Just like many sectors of the economy, tourism related organizations and companies have not been spared as their staff are now worried of being laid off while many others will get a pay cut or no salary due the prolonged lockdown and its associated effects.

The 5 weeks ‘stay home’ lockdown with exception of essential services led to the closure of all entry borders and also halted flights into and out of the country, as well as suspension of primate tourism in all protected areas.

However, Museveni argues that laying off workers during this crisis is not a good idea especially because things are going to improve. Instead, he suggests that these workers are sent on leave and recalled when the situation normalizes.

“I am very optimistic we are going to be stronger after this crisis,” he said.

As of May 1, 2020, Uganda has so far recorded 85 cases of the novel coronavirus with no single death.
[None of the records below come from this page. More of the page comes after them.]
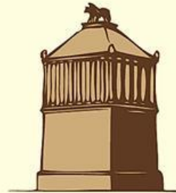
Mausoleum at Halicarnassus
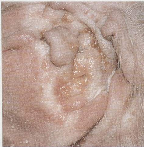
Chronische Otitis/Otite chronique Epi-Otic
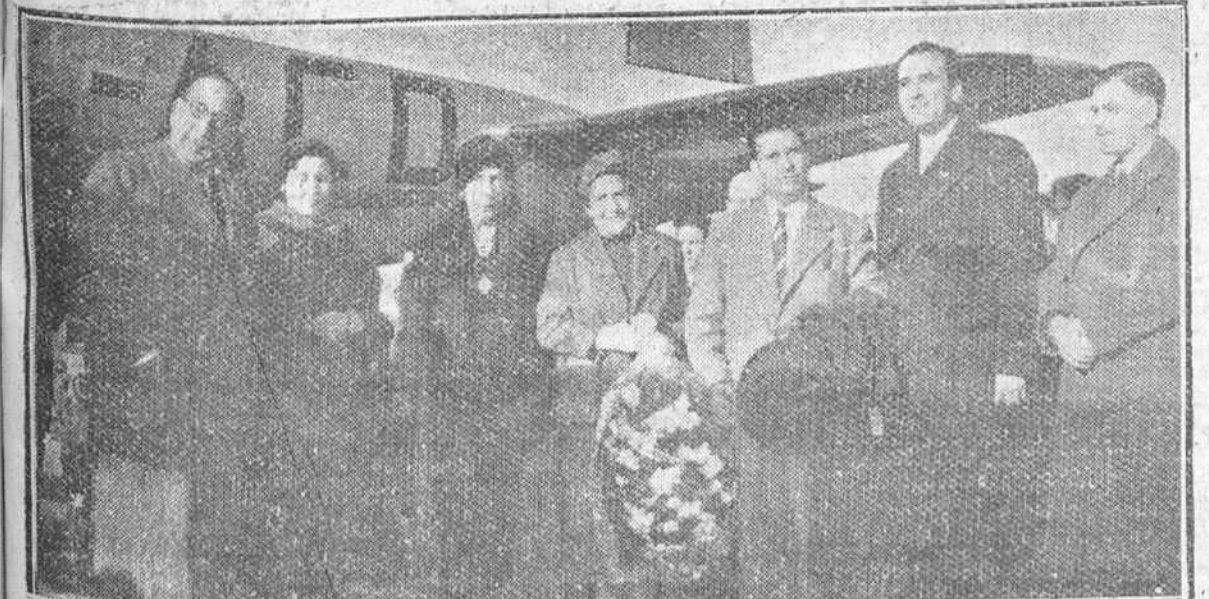
Madrid. — Un momento de la llegada al aeropuerto de Barajas de don Oscar Herrera Palacios, ministro de Educación Pública de Chile, que fue recibido por el ministro de Educación, señor Ruiz Giménez, el embajador de su país en España y otras personalidades.

Out of the 85 infections, 52 have full recovered and were discharged from hospital and quarantine centres.

With these latest statistics, President Yoweri Museveni, will decide on Monday May 4, whether to start easing a lockdown that has in the past 5 weeks kept everyone at home with exception of essential workers.

Labour Day

Labour Day is an annual holiday to celebrate the achievements of workers. The day has its origins in the 19th-century labour union movement, specifically the eight-hour day movement, which advocated eight hours for work, eight hours for recreation, and eight hours for rest.

For most countries, Labour Day is synonymous with, or linked with, International Workers’ Day, which occurs on 1 May.

In Uganda, the event [worker’s day] was supposed to happen in Mbarara, but due to prevailing challenges of COVID-19, government of Uganda opted for ‘scientific’ celebrations at State House, Entebbe.